## Work instruction
Output the lines of the records below exactly, beginning at their first line and ending at the line with "TONIFUL 1 Inch"; include no pictures.

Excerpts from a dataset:
__________

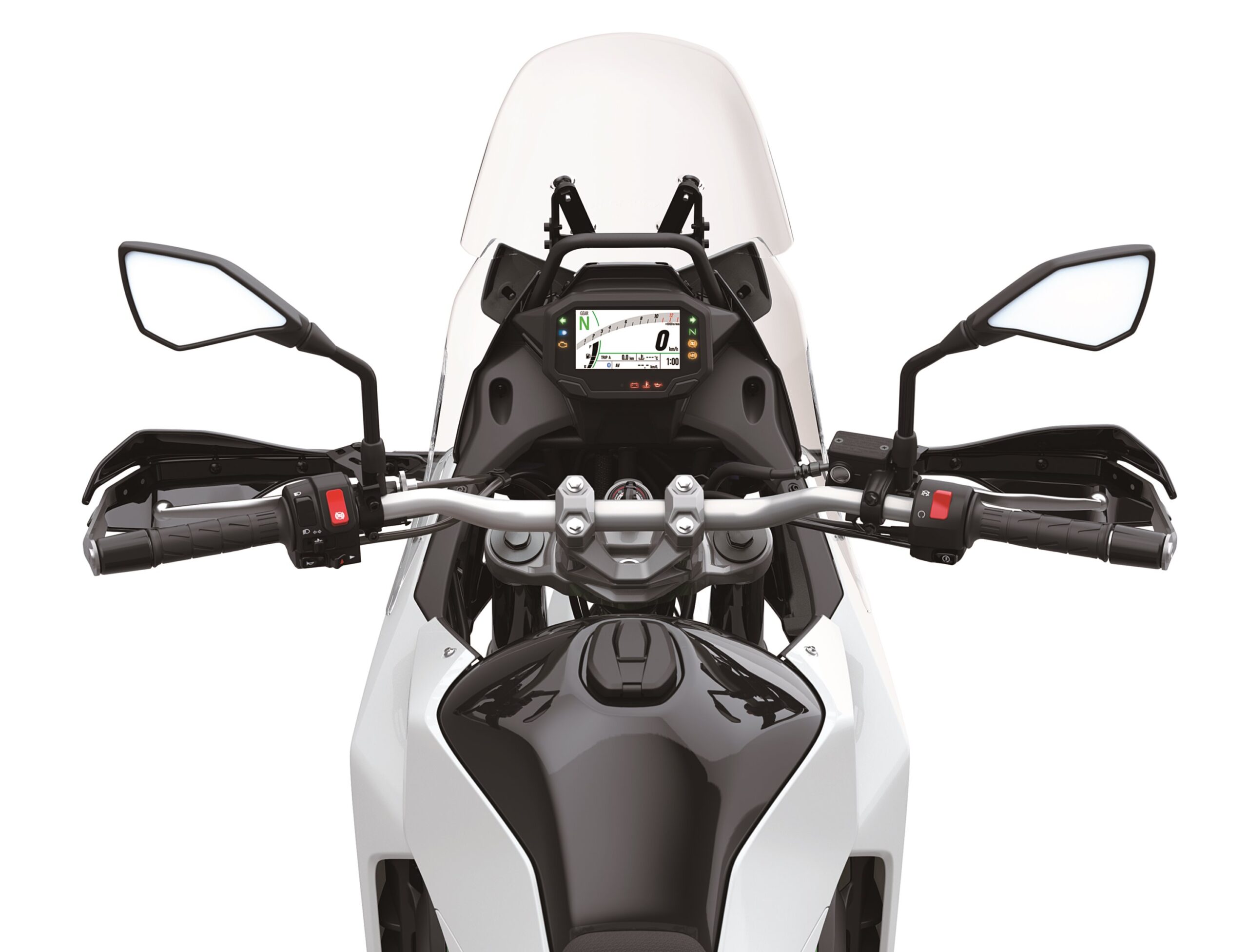 Rally-inspired features round out the ergonomics package. A tall, adjustable windshield offers three height positions – standard, 27mm higher, and 55mm higher – while maintaining a consistent contour and visual style. Clear panels surrounding the front cowling provide excellent visibility of the terrain and block wind effectively, evoking authentic rally machines. Together, these details combine to create a riding position that balances comfort, control, and style, giving riders confidence on both pavement and dirt.
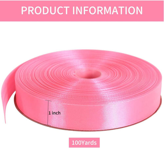 TONIFUL 1 Inch x 100yds Pink Satin Ribbon, Thin Solid Color Satin Ribbon for Gift Wrapping, Crafts, Hair Bows Making, Wedding Party Decoration, Invitation Cards, Floral Bouquets, Christmas
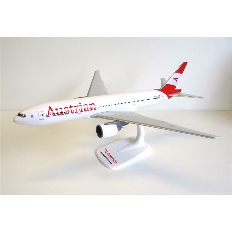 Model dopravního letounu Boeing B777-2Z9ER v barvách letecké společnosti Austrian Airlines z roku 2004, pojmenovaný "Sound of Music" a s reg. OE-LPA. Plastový model z letecké edice tzv. SnapFit modelů, který se snadno sestaví pouhým zacvaknutím (bez lepidla). Model je dodáván se stojánkem.
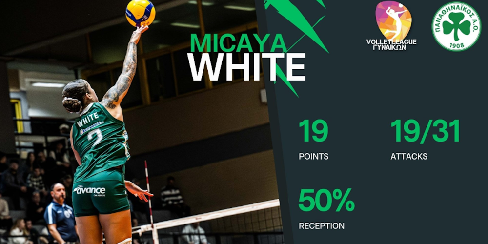 Με εντυπωσιακή εμφάνιση απέναντι στον ΠΑΟΚ, η Μικάγια Γουάιτ αναδείχθηκε MVP της 6ης αγωνιστικής στη Volley League Γυναικών, χαρίζοντας στο «Τριφύλλι» το απόλυτο 6Χ6 στο πρωτάθλημα. Η Αμερικανίδα ακραία έδειξε την ποιότητά της και επιβεβαίωσε γιατί θεωρείται μία από τις πιο δυνατές μεταγραφές του καλοκαιριού.
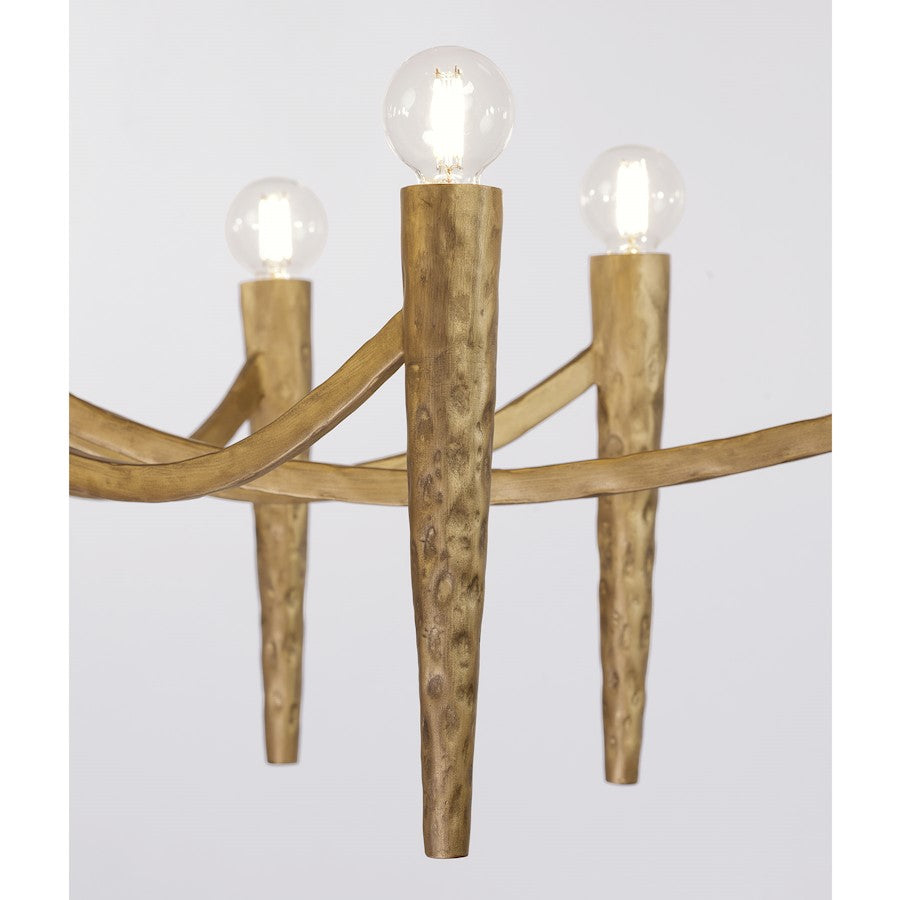 The Savoy House Belleza 10-light linear chandelier was designed by award-winning interior designer and TV host Breegan Jane. Belleza means beauty in Spanish and is an apt description of this sinuous style. Tall, slim arms crafted from hammered metal are finished by hand in Spumante, a gorgeous gold tone that accentuates the mottled detailing of the metal. Belleza is 46" in length, 24" in width and has an adjustable height ranging from 12.63" to 66.63". It uses ten candelabra size bulbs of up to 60 watts per bulb. Bulbs not included. Comes with four 12" downrods and one 6" downrod.
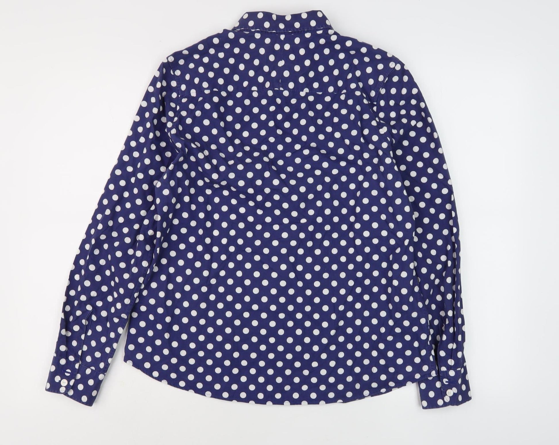 Women's Blue Polka Dot Button-Up Shirt, Size 12
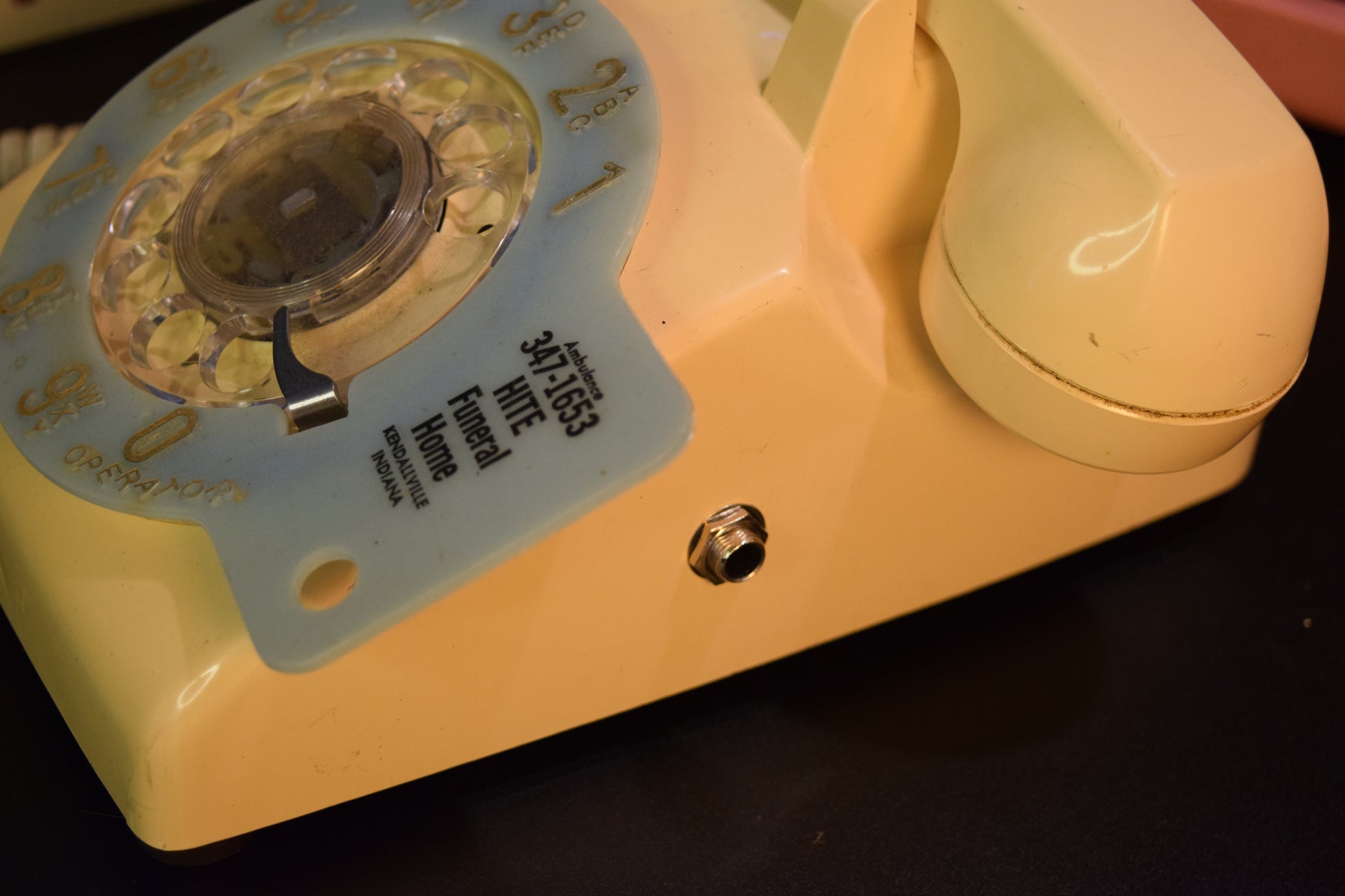 Hand-assembled microphone created from an old Stromberg-Carlson Model 500 telephone. The dial ring is from a funeral home and glows in the dark.
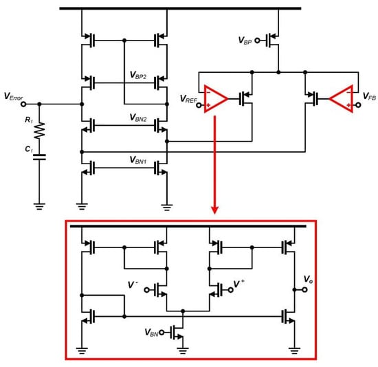 To overcome the limited loop bandwidth inherent in discontinuous conduction mode (DCM), the proposed design employs a Gm-boosted compensation technique, as depicted in Figure 6. The compensator is based on a folded cascode OTA, which is a common choice in Gm-C feedback networks due to its high output impedance and stable operation. However, a conventional OTA provides limited transconductance, which constrains the loop gain and bandwidth of the system.
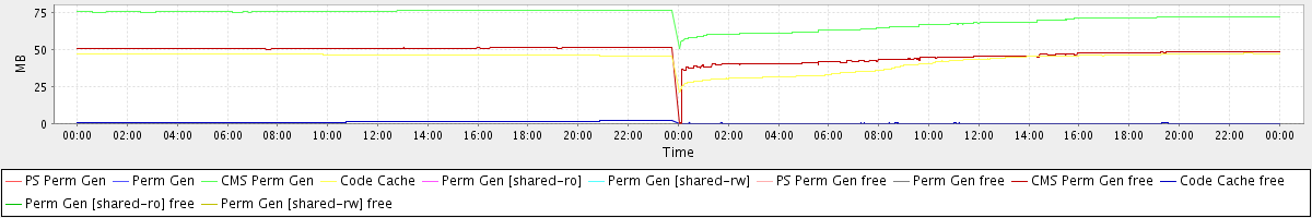 avg(PS Perm Gen) = 0.00 avg(Perm Gen) = 0.00 avg(CMS Perm Gen) = 71.60 avg(Code Cache) = 43.45 avg(Perm Gen [shared-ro]) = 0.00 avg(Perm Gen [shared-rw]) = 0.00 avg(PS Perm Gen free) = 0.00 avg(Perm Gen free) = 0.00 avg(CMS Perm Gen free) = 47.72 avg(Code Cache free) = 0.64 avg(Perm Gen [shared-ro] free) = 0.00 avg(Perm Gen [shared-rw] free) = 0.00

__________

## Output below
 Rally-inspired features round out the ergonomics package. A tall, adjustable windshield offers three height positions – standard, 27mm higher, and 55mm higher – while maintaining a consistent contour and visual style. Clear panels surrounding the front cowling provide excellent visibility of the terrain and block wind effectively, evoking authentic rally machines. Together, these details combine to create a riding position that balances comfort, control, and style, giving riders confidence on both pavement and dirt.
 TONIFUL 1 Inch x 100yds Pink Satin Ribbon, Thin Solid Color Satin Ribbon for Gift Wrapping, Crafts, Hair Bows Making, Wedding Party Decoration, Invitation Cards, Floral Bouquets, Christmas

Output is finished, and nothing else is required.